If you view the profile in the Jobs page, you can click on the Planning tab. Scroll down to the section that say “Final Physical Transformation”. You will see a tree of relation operators, one of which is the “ElasticScan”. Next to that, you will see a json string which represent the Elasticsearch query which dremio sent to Elasticsearch. For example, in the first query you tried:
03-02 ElasticScan(table=[[ES GCS Data, gge-gcsdata-index, generictype]], resource=[gge-gcsdata-index/generictype], columns=[[`*`]], pushdown
=[{
"size" : 0,
"query" : {
"match_all" : { }
},
"aggregations" : {
"EXPR$0" : {
"terms" : {
"script" : {
"inline" : "(def) ((doc[\"Date\"].empty) ? null : doc[\"Date\"].date.monthOfYear)",
"lang" : "painless"
},
"missing" : -9223372036854775808,
"size" : 2147483647
}
}
}
}])
This means that Dremio pushed the aggregation to Elasticsearch, which was able to compute it very quickly by using the index, and then only had to send the much smaller result to Dremio.

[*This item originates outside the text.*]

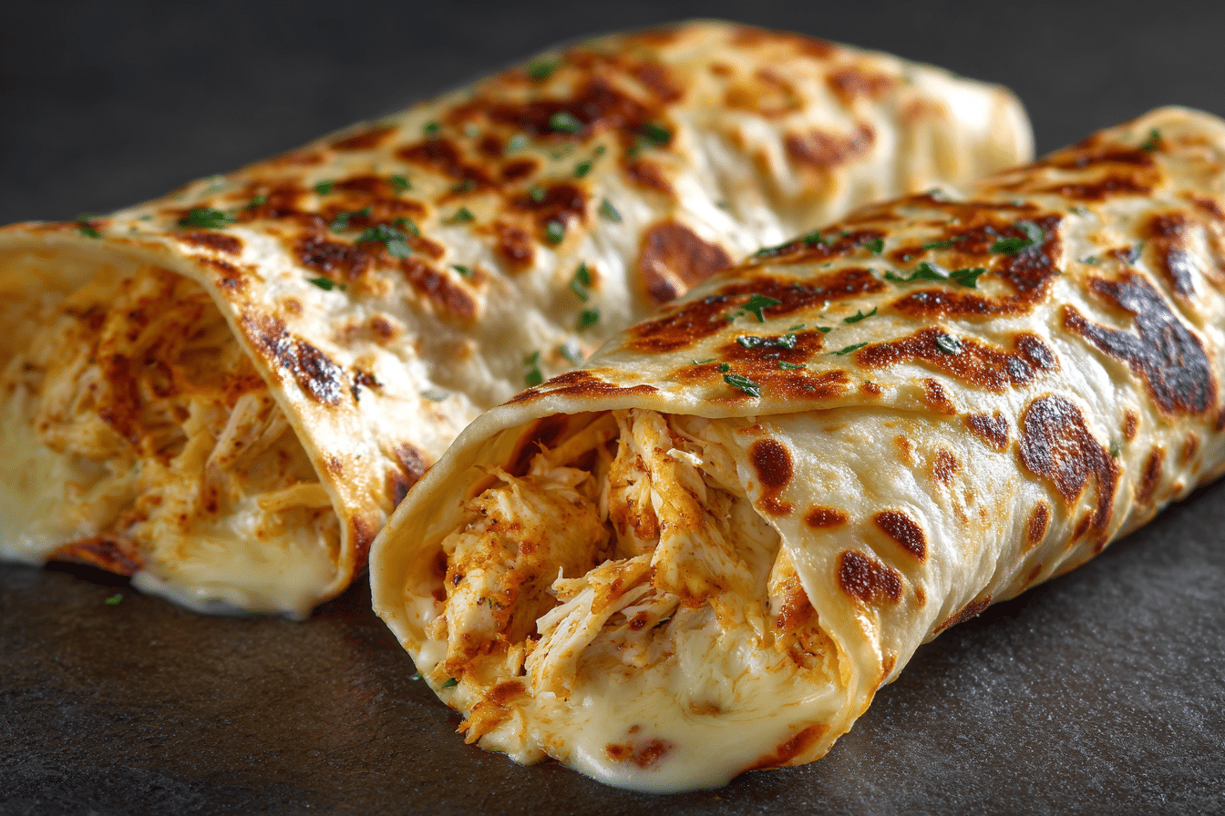 Imagine tender, seasoned chicken, sautéed in garlic butter, then tucked into a warm tortilla with gooey melted cheese and your favorite toppings. The wrap is pan-seared to golden perfection — crispy on the outside, rich and cheesy on the inside.

For the second query you tried, you will see that we did not push down the aggregate:
03-04 ElasticScan(table=[[ES GCS Data, gge-gcsdata-index, generictype]], resource=[gge-gcsdata-index/generictype], columns=[[`Date`]], pushdown
=[{
"from" : 0,
"size" : 4000,
"query" : {
"match_all" : { }
}
}])
This means that Dremio is pulling all of the data from Elasticsearch. Reading and parsing all of the data from elasticsearch takes up the vast majority of the total query time.
And the fact that I used a subquery isn’t really important, I just did it that way to avoid typing extract(month) over and over again, but you could also write the query this way:
SELECT CASE Extract(month FROM "date")
WHEN 1 THEN 'January'
WHEN 2 THEN 'February'
WHEN 3 THEN 'March'
WHEN 4 THEN 'April'
WHEN 5 THEN 'May'
WHEN 6 THEN 'June'
WHEN 7 THEN 'July'
WHEN 8 THEN 'August'
WHEN 9 THEN 'September'
WHEN 10 THEN 'October'
WHEN 11 THEN 'November'
WHEN 12 THEN 'December'
END AS "Month",
Count(*) AS "COUNT"
FROM "ES GCS Data"."gge-gcsdata-index".generictype
GROUP BY Extract(month FROM "date")
The key is we already saw that Dremio was able to push down the aggregate when the group by was just the extract function, but when we tried to group by the to_char function or the case statement, we were unable to pushdown. We don’t really need to convert to the name of the month in order to do the grouping, so it makes sense to just group by the simpler extract month function, and then perform the conversion to a string on the smaller result.